Initally we are only focussing only loss and perplexity values and not exact matches with answer while ignoring the 'pad' token in the decoder.

In this notebook we add attention mechanism over context+question hidden states. Attention mechanism is later used by answer decoder. 

The model is simply learning the train data as train loss is decreasing but validation loss isnt.


In [None]:
import torch
import json
from torchtext import data
from itertools import chain
import torch.nn as nn
import torch.optim as optim
import time
from torch.nn import Embedding

In [None]:
%%bash
FILE=/content/hotpot_train_v1.1.json
if [ ! -f "$FILE" ]; then
  #Download dataset
  wget -c "http://curtis.ml.cmu.edu/datasets/hotpot/hotpot_train_v1.1.json"
  wget -c "http://curtis.ml.cmu.edu/datasets/hotpot/hotpot_dev_fullwiki_v1.json"
fi

In [None]:
train_file = "/content/hotpot_train_v1.1.json"
test_file = "/content/hotpot_dev_fullwiki_v1.json"


def get_examples(file):
    ak = json.load(open(file))
    examples = []
    for j, i in enumerate(ak):
        context = "".join([k for j in i['context'] for k in j[1]])
        question = i['question']
        answer = i['answer']
        examples.append([context, question, answer])

    return examples


train_examples = get_examples(train_file)
test_examples = get_examples(test_file)

question_pad = ' @qpad '

def get_examples(file):
    ak = json.load(open(file))
    examples = []
    for j, i in enumerate(ak):
        # Limiting examples coz ram not sufficient. find another way..some sort of yield
        if len(examples)>50000:
          break
        context = "".join([k for j in i['context'] for k in j[1]])
        question = i['question']
        answer = i['answer']
        examples.append([context + question_pad + question, answer])

    return examples


train_examples = get_examples(train_file)
test_examples = get_examples(test_file)

context_with_question = data.Field(sequential=True, tokenize='spacy', init_token='<sos>', eos_token='<eos>')
answer = data.Field(sequential=True, tokenize='spacy', init_token='<sos>', eos_token='<eos>')

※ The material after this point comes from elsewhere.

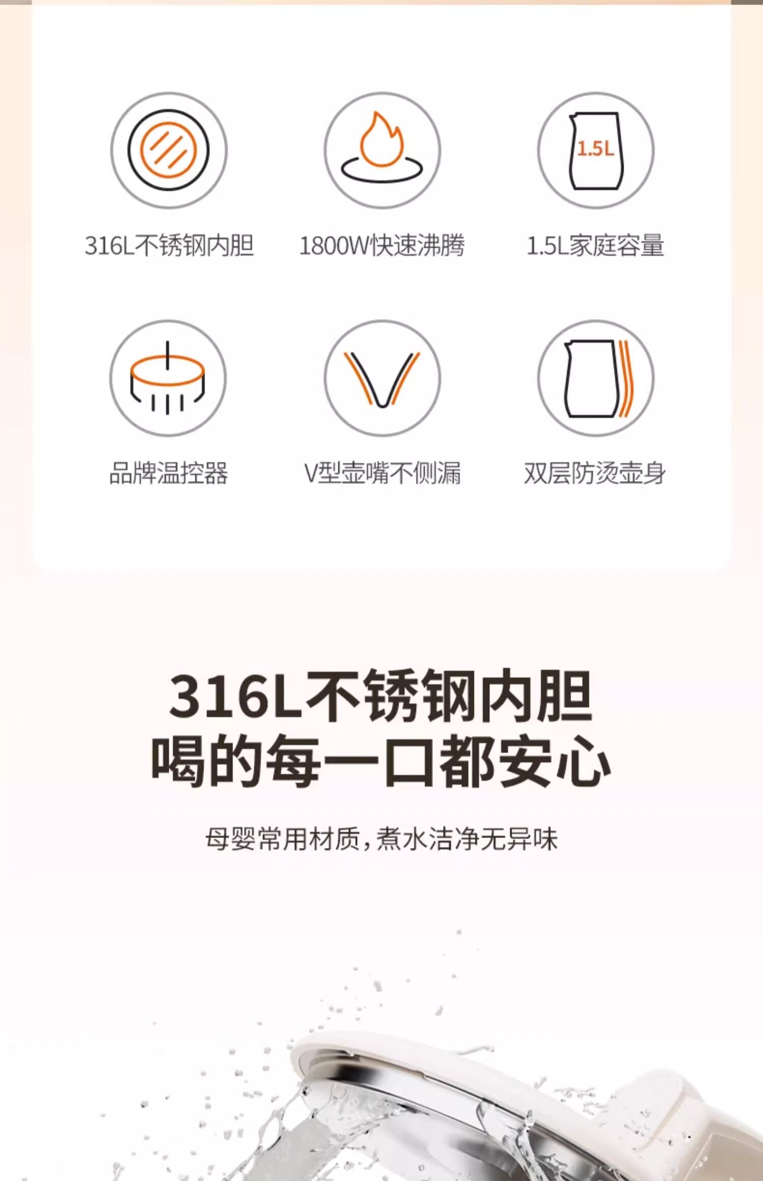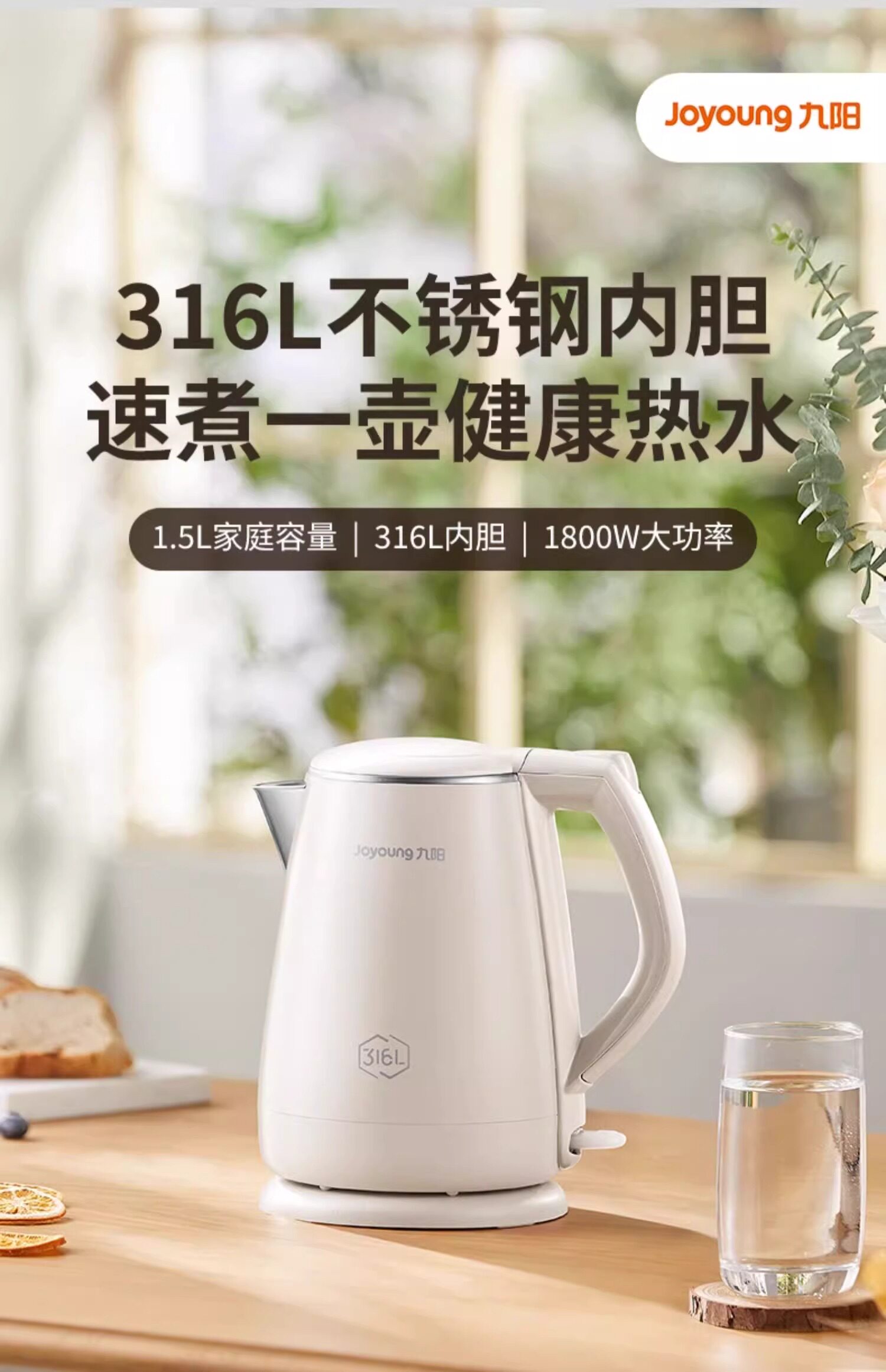 Joyoung Electric Kettle 316L Stainless Steel Food-Grade Electric Kettle for Home Use with Automatic Shut-Off Electric Kettle
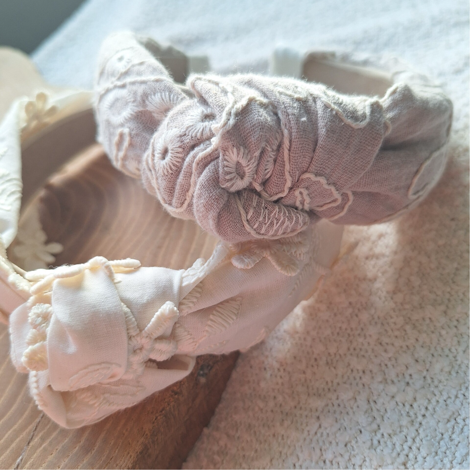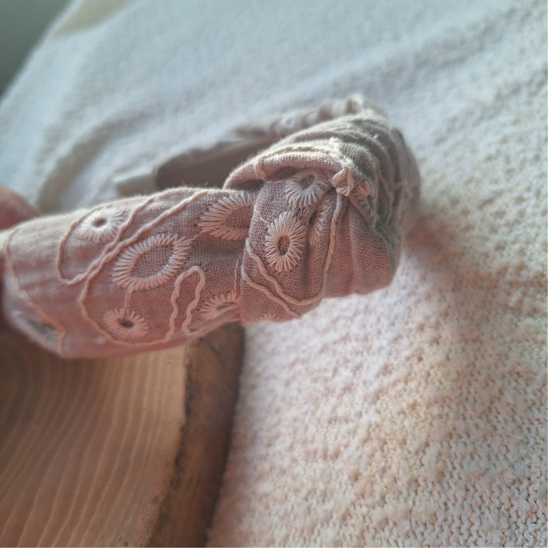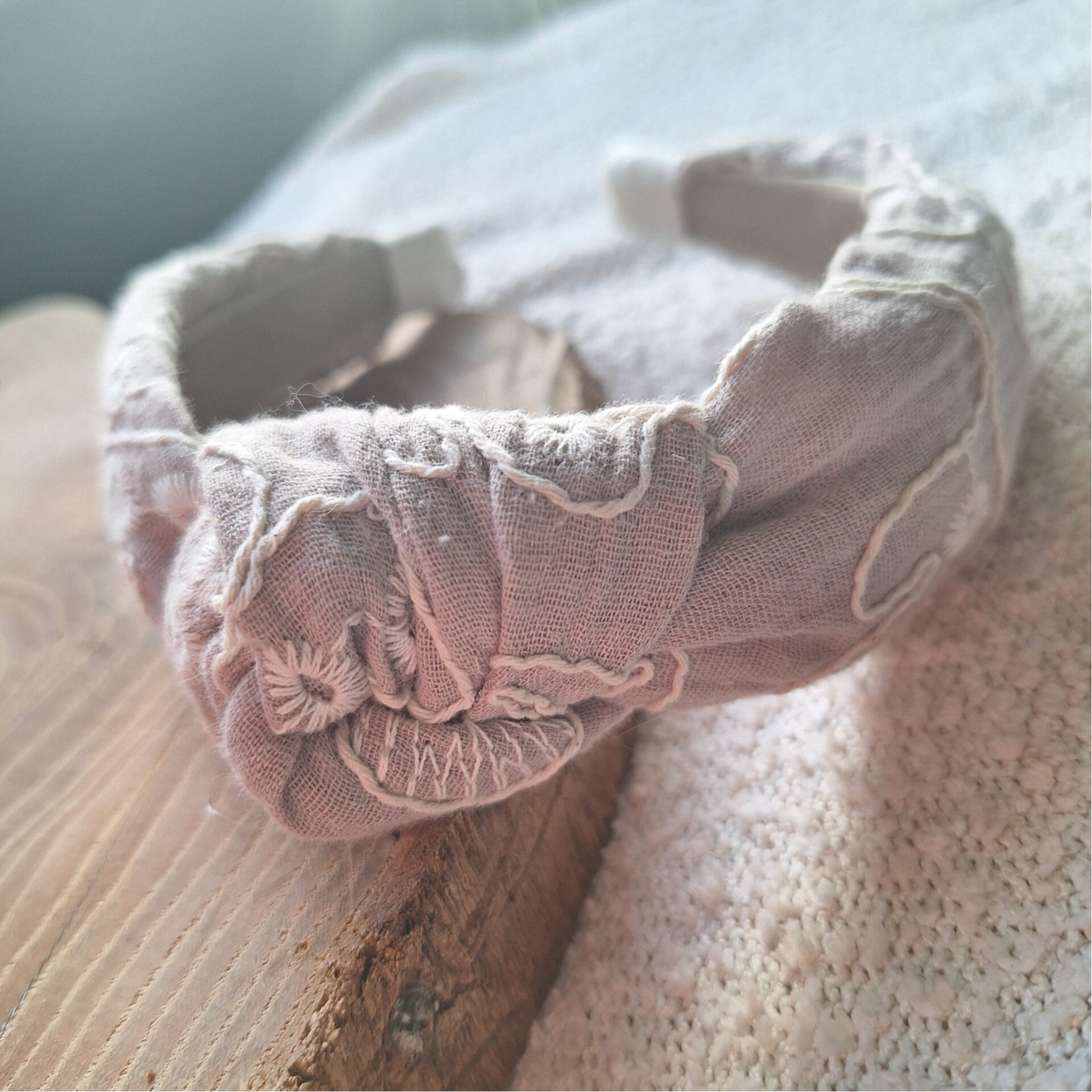 Helemaal hip zijn deze prachtige, stoffen diademen met knoop. De diadeem heeft een mooi geborduurde print, is heel zacht en al te dragen vanaf ongeveer 3 jaar.

fields = [('context', context_with_question), ('answer', answer)]

train_Examples = [data.Example.fromlist([i[0], i[1]], fields) for i in train_examples]
train_dataset = data.Dataset(train_Examples, fields)

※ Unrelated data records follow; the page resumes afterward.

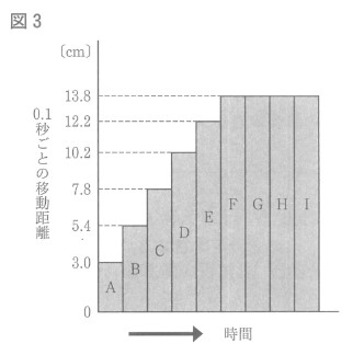 図2は、 力学台車の動きが記録されたテープの一部であり、打点が重なり合って判別できない点を除いて、基準点を決めた。 図3は、 力学台車の動きが記録されたテープを基準点から 0.1秒 ごとに切り、グラフ用紙に並べてはりつけ、テープの基準点側から順に区間A~Iとした。
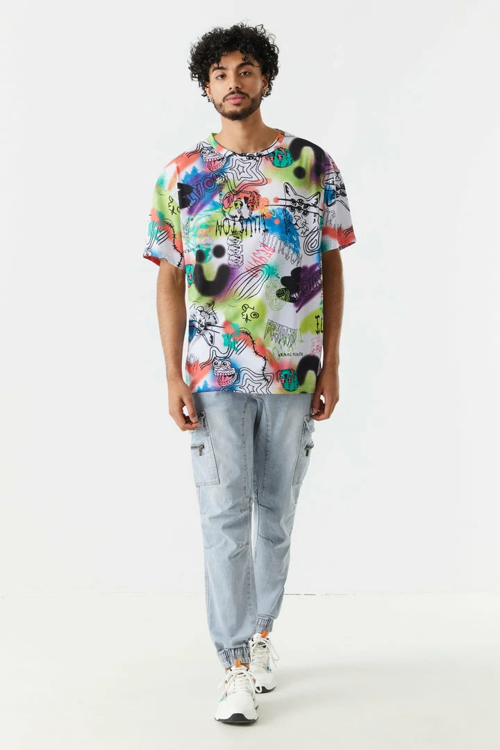 Take this stand-out street art tee out for a stroll and embrace the edgier side of life. This t-shirt features crew neckline, short sleeves and all over graffiti print.
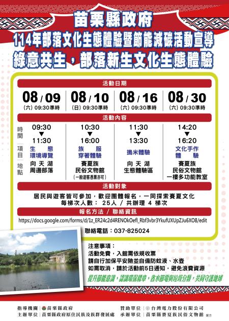 苗栗縣賽夏族民俗文物館於114年8月9日至8月30日舉辦體驗課程,邀請民眾一同體驗賽夏文化樂趣!
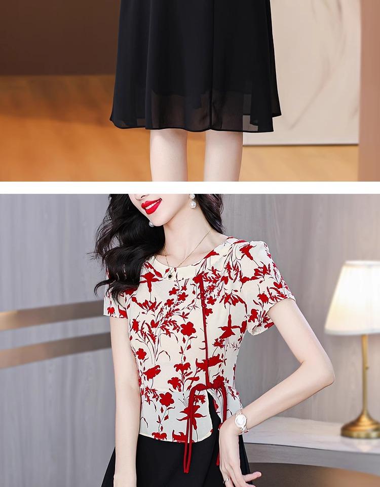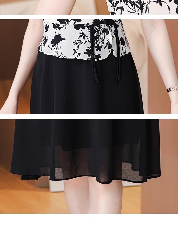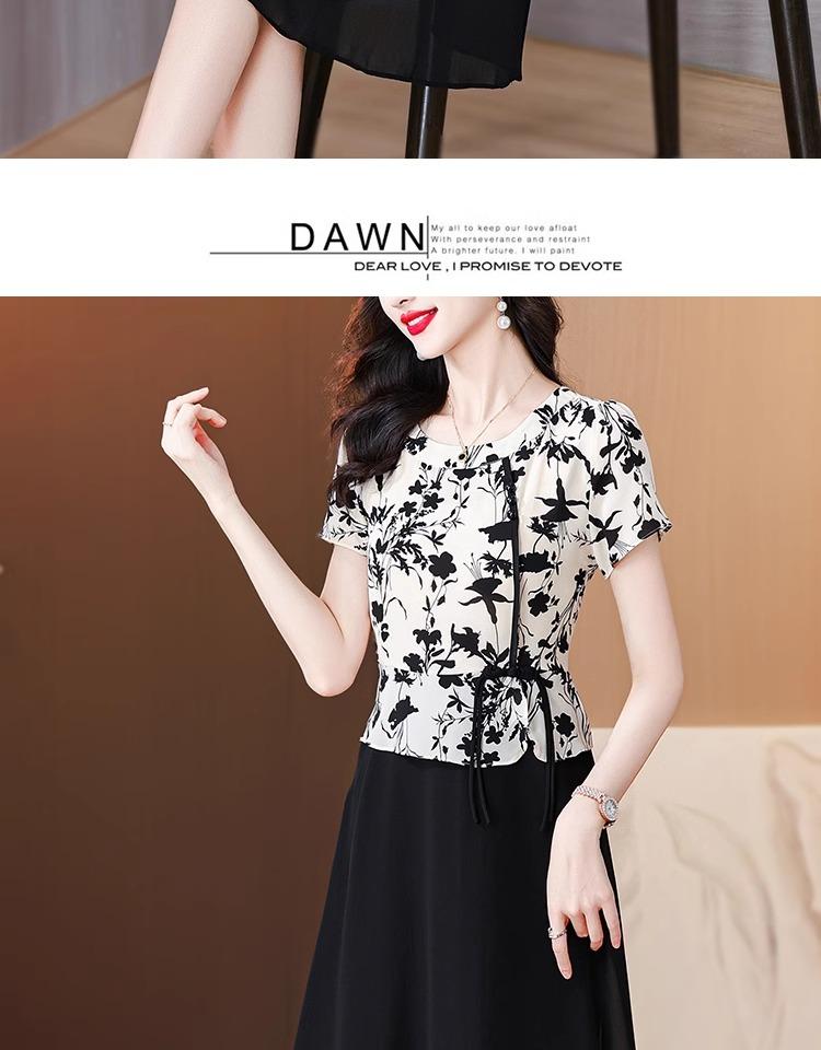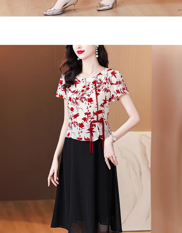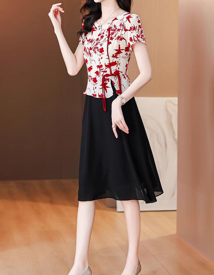 Vestido de dos piezas de seda falsa de Hangzhou para mujer, verano 2024, de seda morera, de manga corta, estilo nacional, estilo a la moda.

test_Examples = [data.Example.fromlist([i[0], i[1]], fields) for i in test_examples]
test_dataset = data.Dataset(test_Examples, fields)

context_with_question.build_vocab(train_dataset,min_freq=2,max_size = 30000,vectors = "glove.6B.100d", 
                 unk_init = torch.Tensor.normal_)
# observation: since I build answer vocab only for the train dataset. the model starts overfitting for train
# solutions: 
# 1) build vocab for both train and test data..feels like cheating
# 2) use context vocab everywhere..increases model size
# Going with option 2
# answer.build_vocab(train_dataset,vectors = "glove.6B.100d", 
#                  unk_init = torch.Tensor.normal_)
answer.vocab = context_with_question.vocab

BATCH_SIZE = 128
device = torch.device('cuda' if torch.cuda.is_available() else 'cpu')
train_iterator, test_iterator = data.BucketIterator.splits((train_dataset, test_dataset),
                                                           batch_size=BATCH_SIZE,
                                                           sort_key=lambda x: len(x.context),
                                                           sort_within_batch=True,device=device)

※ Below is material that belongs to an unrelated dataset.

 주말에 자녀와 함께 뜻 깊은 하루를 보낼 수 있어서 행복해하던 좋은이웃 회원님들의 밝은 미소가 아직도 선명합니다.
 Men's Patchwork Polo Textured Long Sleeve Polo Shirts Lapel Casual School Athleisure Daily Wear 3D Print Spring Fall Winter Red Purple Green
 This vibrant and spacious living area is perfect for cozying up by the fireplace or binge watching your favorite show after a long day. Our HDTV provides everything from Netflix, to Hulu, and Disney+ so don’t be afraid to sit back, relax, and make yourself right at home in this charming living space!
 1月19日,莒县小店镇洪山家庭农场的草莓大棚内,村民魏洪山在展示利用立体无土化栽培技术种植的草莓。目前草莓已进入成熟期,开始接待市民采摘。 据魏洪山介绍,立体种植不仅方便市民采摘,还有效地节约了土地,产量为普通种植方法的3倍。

.vector_cache/glove.6B.zip: 862MB [06:29, 2.22MB/s]                           
100%|█████████▉| 398962/400000 [00:16<00:00, 26018.19it/s]

In [None]:
print(train_examples[0])

['Radio City is India\'s first private FM radio station and was started on 3 July 2001. It broadcasts on 91.1 (earlier 91.0 in most cities) megahertz from Mumbai (where it was started in 2004), Bengaluru (started first in 2001), Lucknow and New Delhi (since 2003). It plays Hindi, English and regional songs. It was launched in Hyderabad in March 2006, in Chennai on 7 July 2006 and in Visakhapatnam October 2007. Radio City recently forayed into New Media in May 2008 with the launch of a music portal - PlanetRadiocity.com that offers music related news, videos, songs, and other music-related features. The Radio station currently plays a mix of Hindi and Regional music. Abraham Thomas is the CEO of the company.Football in Albania existed before the Albanian Football Federation (FSHF) was created. This was evidenced by the team\'s registration at the Balkan Cup tournament during 1929-1931, which started in 1929 (although Albania eventually had pressure from the teams because of competition,

In [None]:
print(len(train_examples))

50001


In [None]:
class Encoder(nn.Module):
    def __init__(self, input_dim, emb_dim, hid_dim, dropout):
        super().__init__()

        self.hid_dim = hid_dim
        
        self.embedding = nn.Embedding(input_dim, emb_dim) #no dropout as only one layer!
        
        self.rnn = nn.GRU(emb_dim, hid_dim)
        
        self.dropout = nn.Dropout(dropout)
        
    def forward(self, src):
        
        #src = [src len, batch size]
        
        embedded = self.dropout(self.embedding(src))
        
        #embedded = [src len, batch size, emb dim]
        
        outputs, hidden = self.rnn(embedded) #no cell state!
        
        #outputs = [src len, batch size, hid dim * n directions]
        #hidden = [n layers * n directions, batch size, hid dim]
        
        #outputs are always from the top hidden layer
        
        return hidden

In [None]:
class Decoder(nn.Module):
    def __init__(self, output_dim, emb_dim, hid_dim, dropout):
        super().__init__()

        self.hid_dim = hid_dim
        self.output_dim = output_dim
        
        self.embedding = nn.Embedding(output_dim, emb_dim)
        
        self.rnn = nn.GRU(emb_dim + hid_dim, hid_dim)
        
        self.fc_out = nn.Linear(emb_dim + hid_dim * 2, output_dim)
        
        self.dropout = nn.Dropout(dropout)
        
    def forward(self, input, hidden, context):
        
        #input = [batch size]
        #hidden = [n layers * n directions, batch size, hid dim]
        #context = [n layers * n directions, batch size, hid dim]
        
        #n layers and n directions in the decoder will both always be 1, therefore:
        #hidden = [1, batch size, hid dim]
        #context = [1, batch size, hid dim]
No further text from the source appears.